WHAT'S THE USE?

HOW MATHEMATICS SHAPES EVERYDAY LIFE

Richly informative for careful readers who enjoy math.

If you believe mathematics offers little of practical use, Stewart is back to show you the error of your ways.

In the latest of his numerous books on his favorite subject, the acclaimed mathematics popularizer writes for an audience prepared to pay attention to ingenious yet undoubtedly complex insights.
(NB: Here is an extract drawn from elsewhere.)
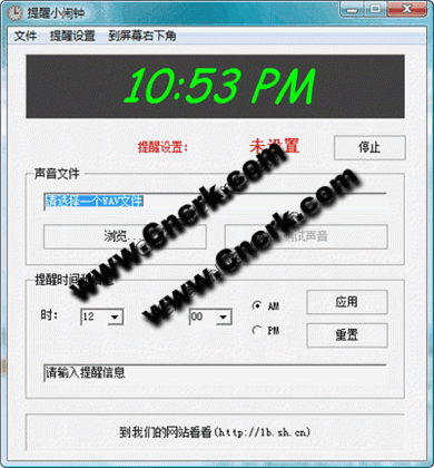 这是一个用于定时提醒的小软件,当初是送给一个正在减肥的朋友,帮他定时提醒做运动。 软件可以设置提醒时间,提醒音乐,提醒信息。

He begins by pointing out that scientists and engineers depend on math, but this is no less true of politicians. “One of the curious features of democracy,” he writes, “is that politicians who claim to be devoted to the idea that decisions should be made by ‘the People’ regularly go out of their way to ensure that this doesn’t happen.” Most readers know about gerrymandering, but this turns out to be the tip of the iceberg as Stewart describes many other ways to pervert voting, all revealed and disproved by mathematics. The author then moves on to the larger question of election fairness. America’s winner-takes-all system seems reasonable, but if one candidate is defeated, 100% of his or her supporter’s votes are wasted. In nations with proportional voting systems, minority voters elect a minority of representatives, so their votes are not wasted. This is fairer—in some ways. In fact, mathematicians have proven that a completely fair voting system is impossible. “Dictatorships are so much simpler,” writes Stewart. “One dictator, one vote.” Regarding our most pressing contemporary issue, climate change, Stewart explains that physicists have found that the growth of melting ponds over Arctic ice bears a striking resemblance to other phase transitions, and sea levels are rising faster than predicted. In other sections, the author offers the revealing (but not simple) explanation of the mathematical background of a GPS system, explains the data compression that vastly increases a computer’s power, and delves into the genuinely weird: how a puzzle with no solution—proven by a great mathematician—increases the ease of kidney transplantation.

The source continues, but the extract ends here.